# [Activity]
Everything from the line with "In the combat" to the line with "다음은 지문을 찾아야" in the listing below, both lines included, needs to be copied exactly, apart from the pictures.

──────── Record set

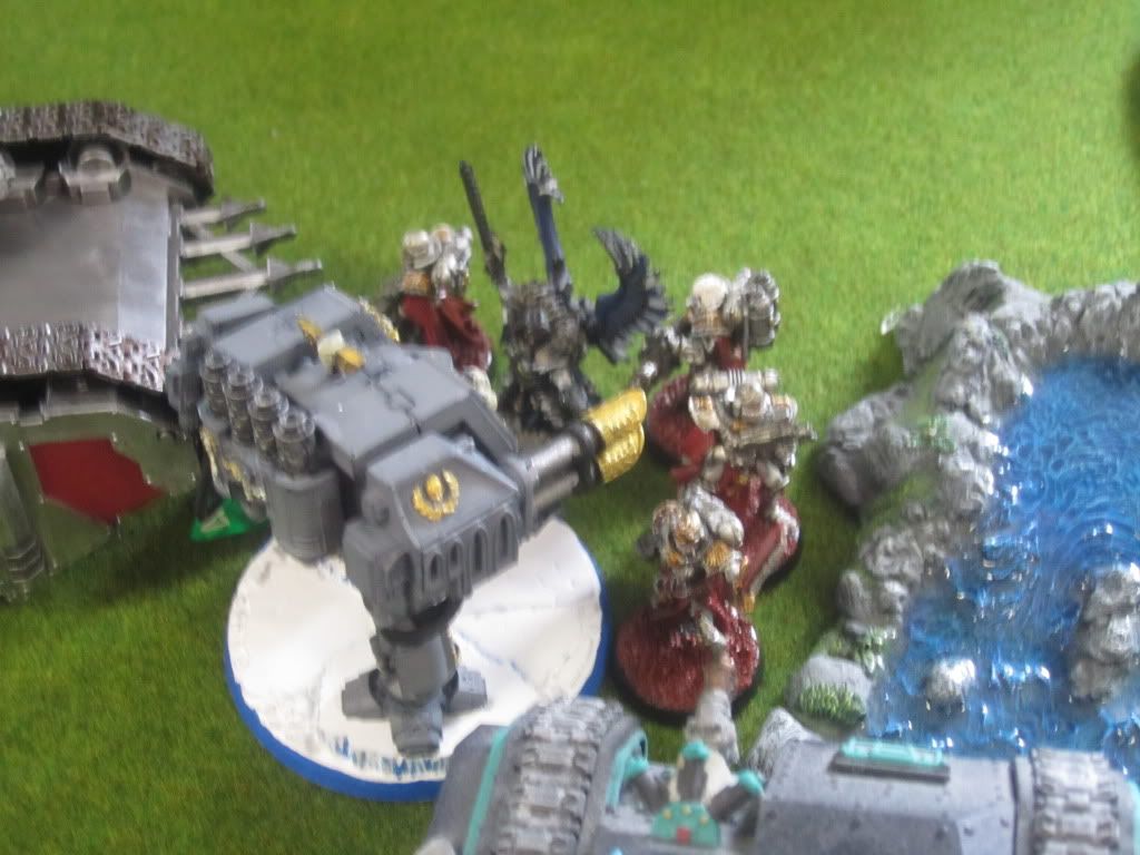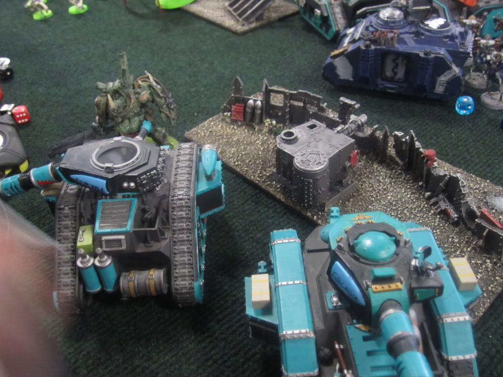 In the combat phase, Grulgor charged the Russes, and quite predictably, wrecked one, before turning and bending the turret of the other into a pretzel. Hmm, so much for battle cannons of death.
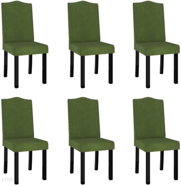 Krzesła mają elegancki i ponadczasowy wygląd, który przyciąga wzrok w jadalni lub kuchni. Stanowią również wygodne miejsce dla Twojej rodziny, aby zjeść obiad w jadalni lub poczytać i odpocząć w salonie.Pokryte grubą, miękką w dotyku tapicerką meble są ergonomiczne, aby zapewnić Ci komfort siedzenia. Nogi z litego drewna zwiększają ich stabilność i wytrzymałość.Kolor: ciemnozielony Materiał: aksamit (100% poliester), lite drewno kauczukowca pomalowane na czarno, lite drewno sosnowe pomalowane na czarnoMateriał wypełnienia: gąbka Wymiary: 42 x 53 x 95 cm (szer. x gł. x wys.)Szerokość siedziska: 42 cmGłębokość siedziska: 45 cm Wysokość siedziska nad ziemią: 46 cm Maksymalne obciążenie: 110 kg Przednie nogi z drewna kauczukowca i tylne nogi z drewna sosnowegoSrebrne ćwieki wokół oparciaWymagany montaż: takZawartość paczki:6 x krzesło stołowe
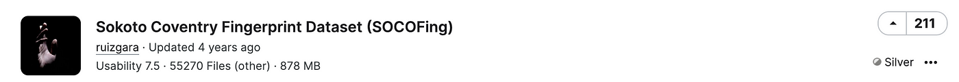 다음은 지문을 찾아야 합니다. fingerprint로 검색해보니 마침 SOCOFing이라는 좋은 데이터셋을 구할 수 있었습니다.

────────────────
──────── Record set

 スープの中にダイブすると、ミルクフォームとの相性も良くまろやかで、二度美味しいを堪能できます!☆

────────────────

# [Solution]
 In the combat phase, Grulgor charged the Russes, and quite predictably, wrecked one, before turning and bending the turret of the other into a pretzel. Hmm, so much for battle cannons of death.
 Krzesła mają elegancki i ponadczasowy wygląd, który przyciąga wzrok w jadalni lub kuchni. Stanowią również wygodne miejsce dla Twojej rodziny, aby zjeść obiad w jadalni lub poczytać i odpocząć w salonie.Pokryte grubą, miękką w dotyku tapicerką meble są ergonomiczne, aby zapewnić Ci komfort siedzenia. Nogi z litego drewna zwiększają ich stabilność i wytrzymałość.Kolor: ciemnozielony Materiał: aksamit (100% poliester), lite drewno kauczukowca pomalowane na czarno, lite drewno sosnowe pomalowane na czarnoMateriał wypełnienia: gąbka Wymiary: 42 x 53 x 95 cm (szer. x gł. x wys.)Szerokość siedziska: 42 cmGłębokość siedziska: 45 cm Wysokość siedziska nad ziemią: 46 cm Maksymalne obciążenie: 110 kg Przednie nogi z drewna kauczukowca i tylne nogi z drewna sosnowegoSrebrne ćwieki wokół oparciaWymagany montaż: takZawartość paczki:6 x krzesło stołowe
 다음은 지문을 찾아야 합니다. fingerprint로 검색해보니 마침 SOCOFing이라는 좋은 데이터셋을 구할 수 있었습니다.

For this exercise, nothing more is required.